#### WHAT TO DO
With every picture left out, give the data below back exactly.

#### DATASET EXCERPT
· · · · ·

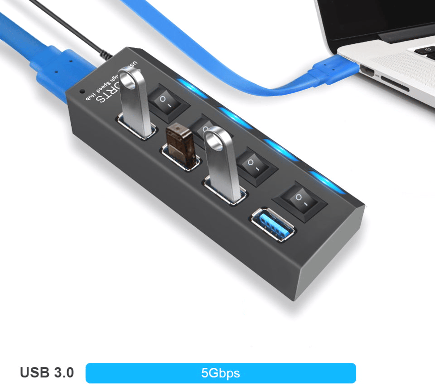 Hub USB con interruptores y señalización LED
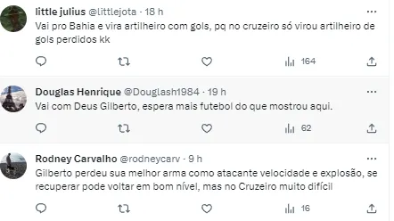 “Está completamente descartada essa possibilidade de uma rescisão de contrato de forma unilateral. A tendência é que o Gilberto treine afastado do restante do elenco até o fim da temporada e o Cruzeiro vai rezar para que apareça um clube interessado em assumir 100% dos custos do jogador. Gilberto já foi especulado nas últimas horas como reforço do Bahia e também do São Paulo antes de gravar o vídeo consultei um dirigente do Cruzeiro que assegura que nenhum clube brasileiro entrou em contato para falar sobre o atacante Gilberto”, finalizou o jornalista.
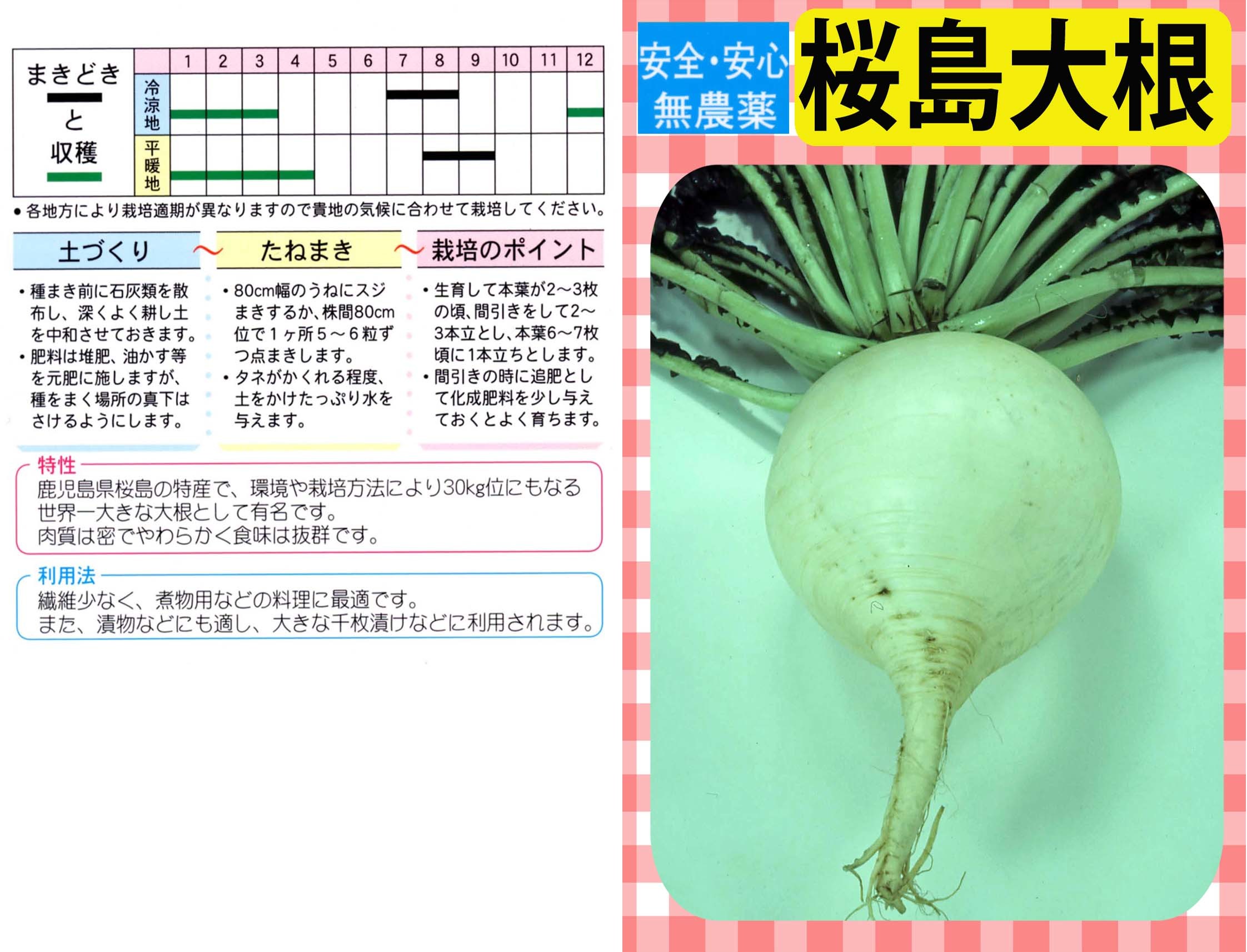 桜島大根は、世界最大、最重量の大根で有名です。来歴は諸説ありはっきりしていません。19世紀の初めから知られていましたが、そのころは形状が違い、現在のような形になったのは明治以降とされています。桜島の火山灰土壌で育てると大きく育つと言われています。肉質は柔らかく、甘味もあるので生食にも煮食にも向いています。
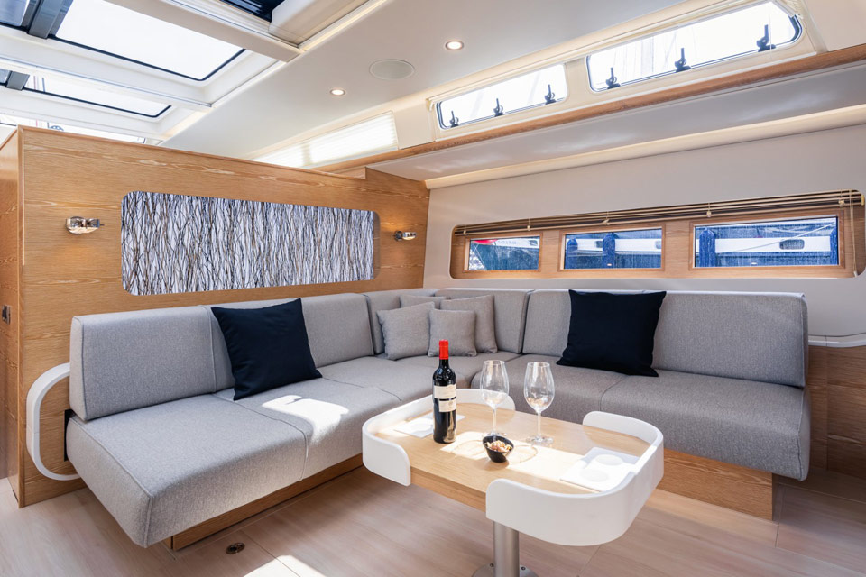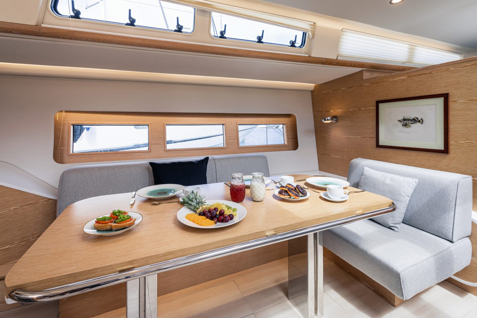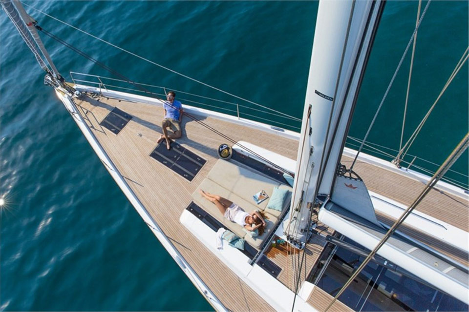 The luxury charter sailboat has a large solarium area in the bow (to lie down and enjoy sunbathing) and its large table in the stern, they are a perfect combination to be able to enjoy a good meal on the boat as a group, or endless meetings between friends or family.

· · · · ·

#### THE COMPLETED TASK
 Hub USB con interruptores y señalización LED
 “Está completamente descartada essa possibilidade de uma rescisão de contrato de forma unilateral. A tendência é que o Gilberto treine afastado do restante do elenco até o fim da temporada e o Cruzeiro vai rezar para que apareça um clube interessado em assumir 100% dos custos do jogador. Gilberto já foi especulado nas últimas horas como reforço do Bahia e também do São Paulo antes de gravar o vídeo consultei um dirigente do Cruzeiro que assegura que nenhum clube brasileiro entrou em contato para falar sobre o atacante Gilberto”, finalizou o jornalista.
 桜島大根は、世界最大、最重量の大根で有名です。来歴は諸説ありはっきりしていません。19世紀の初めから知られていましたが、そのころは形状が違い、現在のような形になったのは明治以降とされています。桜島の火山灰土壌で育てると大きく育つと言われています。肉質は柔らかく、甘味もあるので生食にも煮食にも向いています。
 The luxury charter sailboat has a large solarium area in the bow (to lie down and enjoy sunbathing) and its large table in the stern, they are a perfect combination to be able to enjoy a good meal on the boat as a group, or endless meetings between friends or family.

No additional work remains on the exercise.